Clone Digger

 discovers duplicate code in Python and Java

Overview

Clone Digger aimed to detect similar code in Python and Java programs. The synonyms for the term "similar code" are "clone" and "duplicate code".

What is software clone?
Two continuous fragments of code form clone if they are similar enough.

Why is it important to detect clones?
The presence of clones can increase maintenance cost of the code. Detected clones can be refactored or just kept in mind.

Why should I use Clone Digger to detect clones?
There are several clone detection tools, they are listed here.
The benefits of Clone Digger are:

  • Variety of handled clone types. Strictly speaking, a pair of sequences of statements is considered a clone if one sequence can be obtained from the other by replacing some small subexpressions. Particularly, changes of variable and function names and constants are allowed.
  • It's free (provided under the GPL license).

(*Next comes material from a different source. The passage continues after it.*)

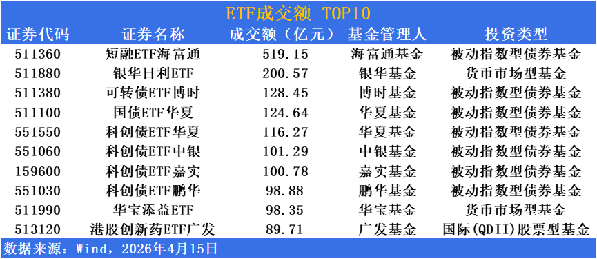 短融ETF单日成交超519亿元位居成交榜榜首,作为短久期信用债工具持续担当资金管理利器,受益于市场资金面宽松背景下的现金管理需求升温。
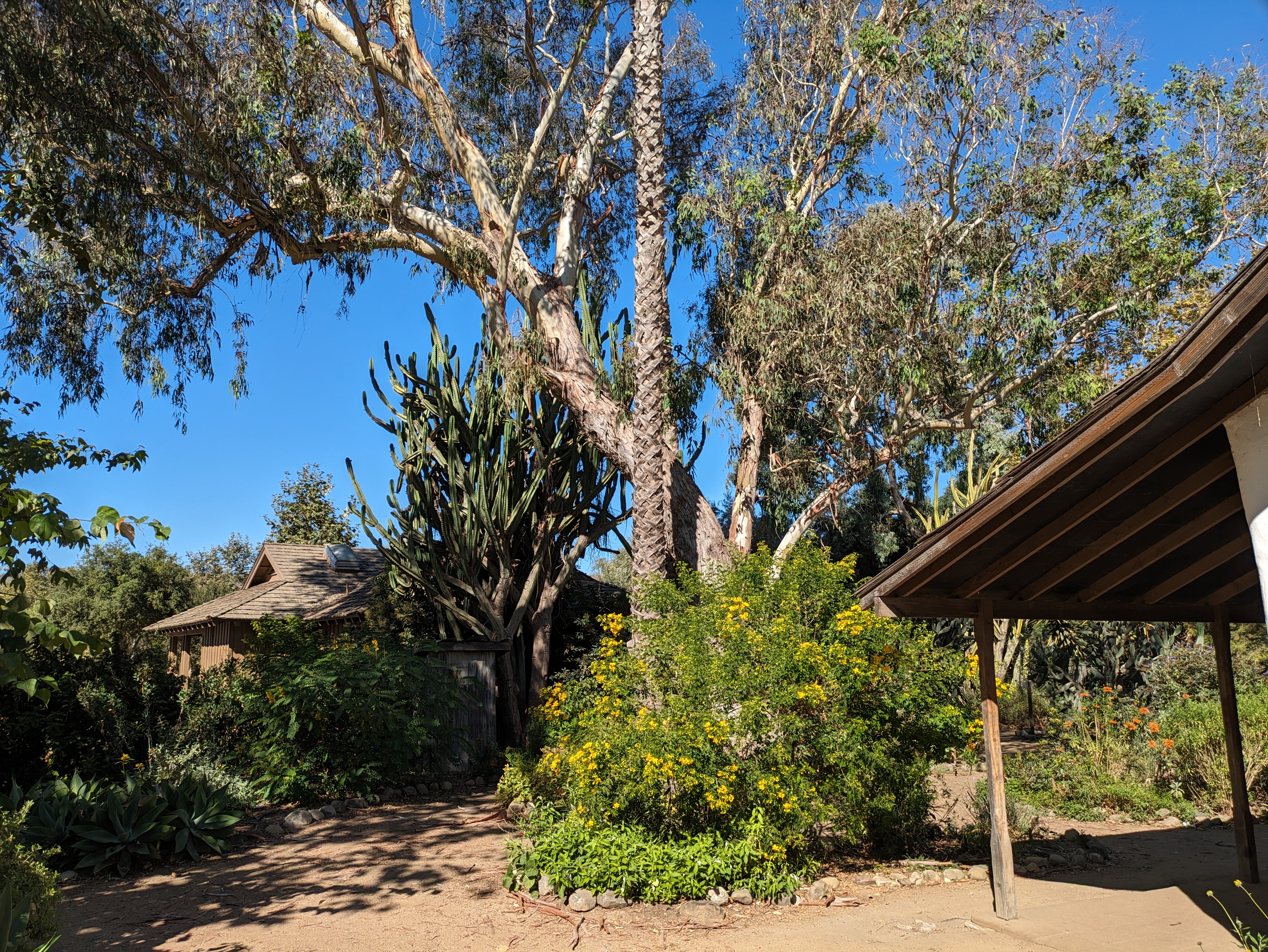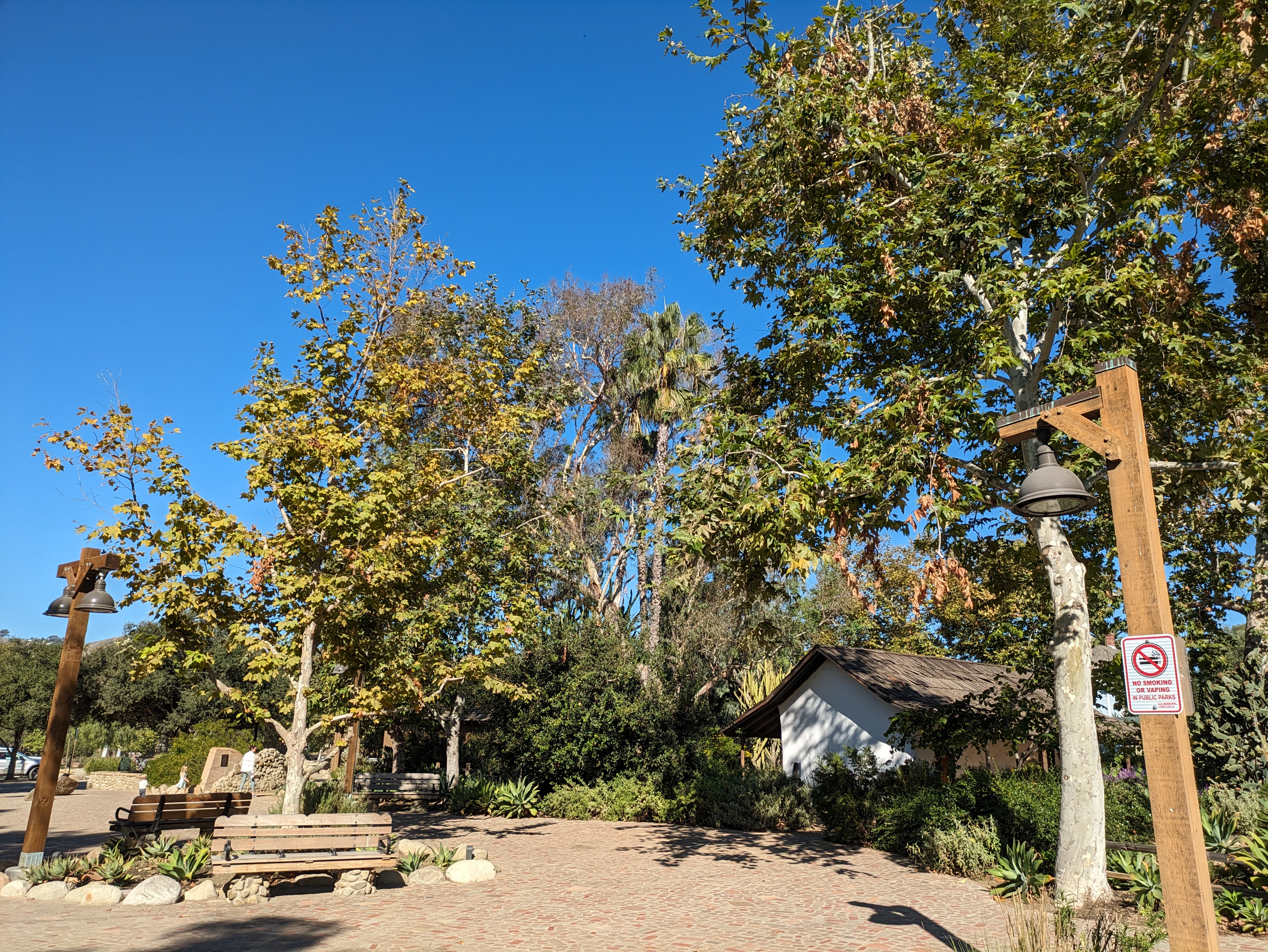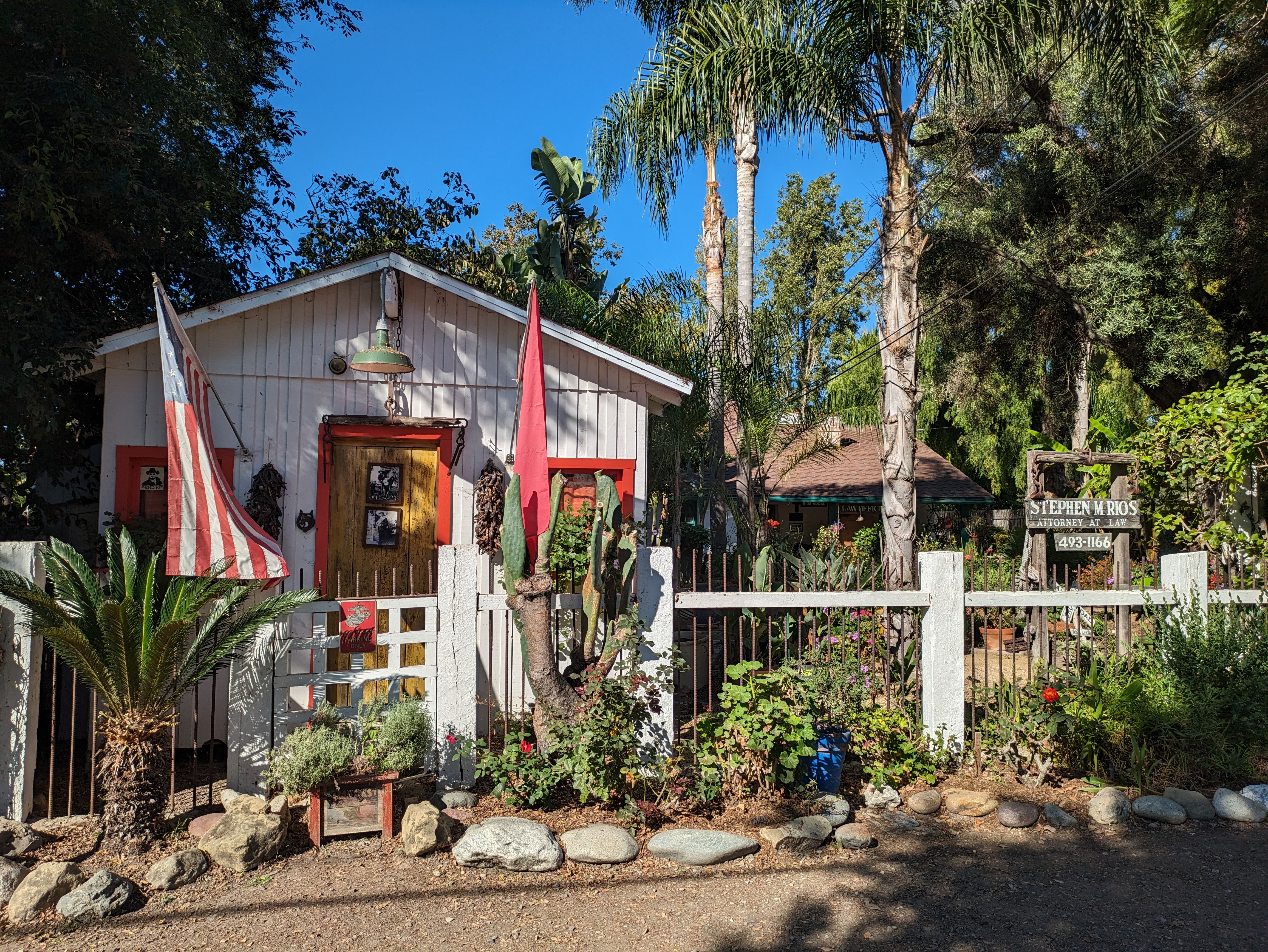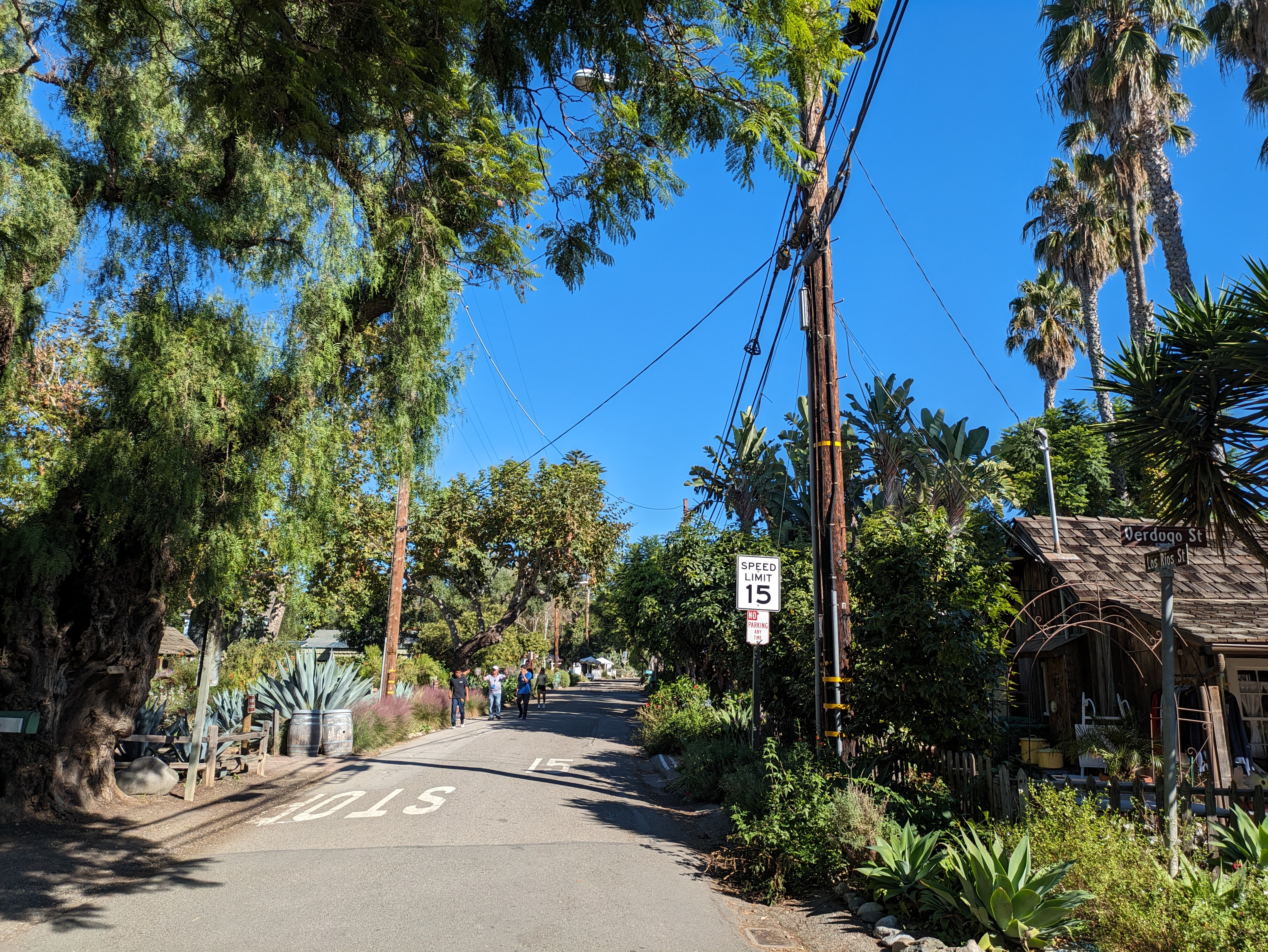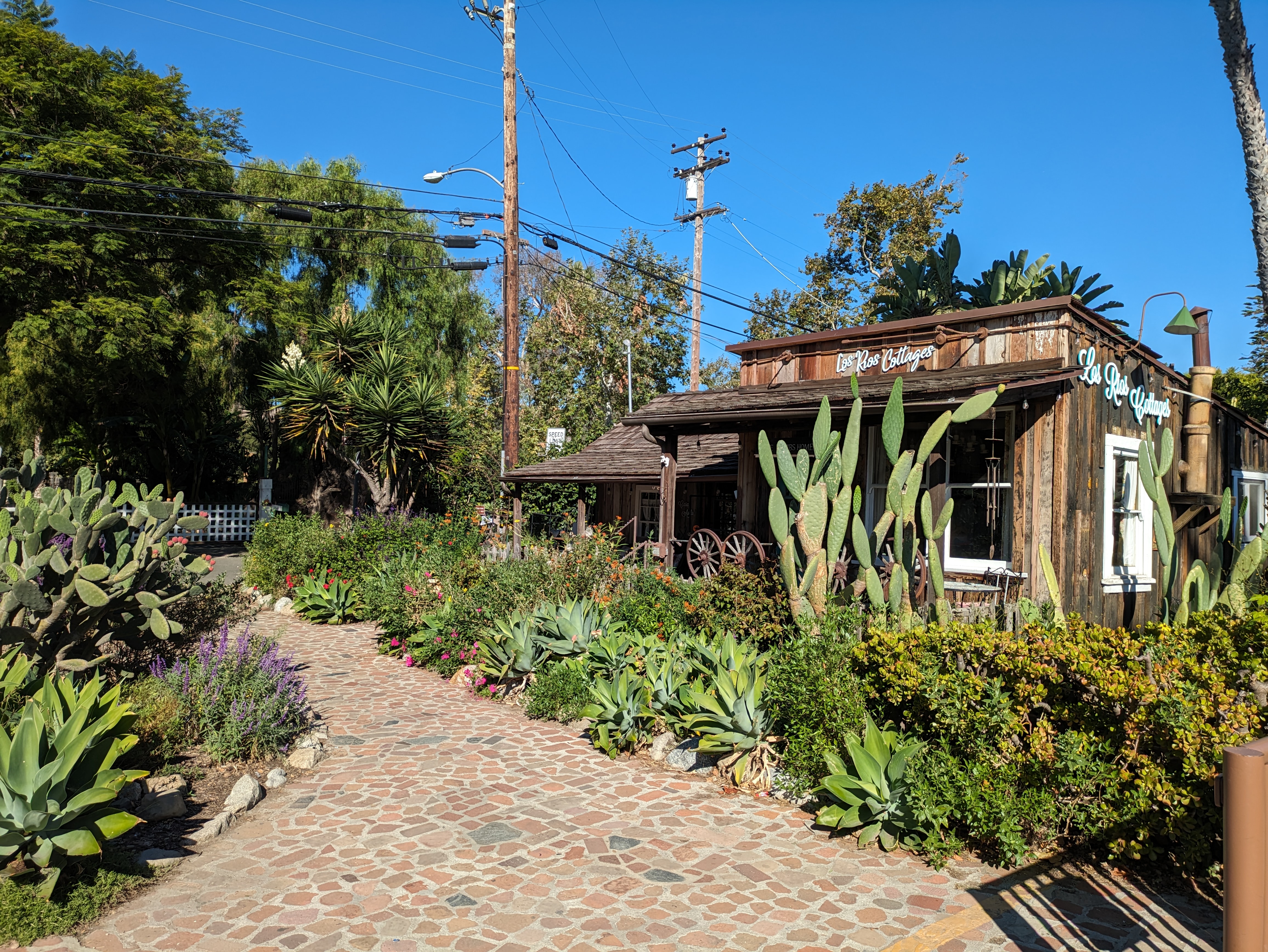 Once this brief cacophony surrounding the train vanishes, you can start to appreciate the pedestrian scale of your surroundings. On the other side of the tracks from the platform is a small but welcoming plaza that leads into the Los Rios Historic District, easily the most charming part of San Juan Capistrano. Los Rios Street is a shady residential street lined with lovely old houses draped in willows, eucalyptus, and palm trees. Indeed, Los Rios is the oldest continuously inhabited residential neighborhood in California, with people having lived here since the late 1700s. The street itself is very calm, with pedestrians free to walk down the middle, parting for the occasional car.

Clone Digger uses complex algorithm of finding duplicate code, consisting of several phases. The principles can be found in the paper "Duplicate code detection using anti-unification".

How to use Clone Digger?
All allowed arguments are listed here.
In general, the process of finding clones can be compared to sieving. You should choose middle size of the mesh in order to find something interesting. There are two dimensions of the mesh in Clone Digger: the minimal size of clones (set by --length-threshold parameter) and the maximum distance between sequences, which are reported as clones (set by --distance-threshold).

Happy searching!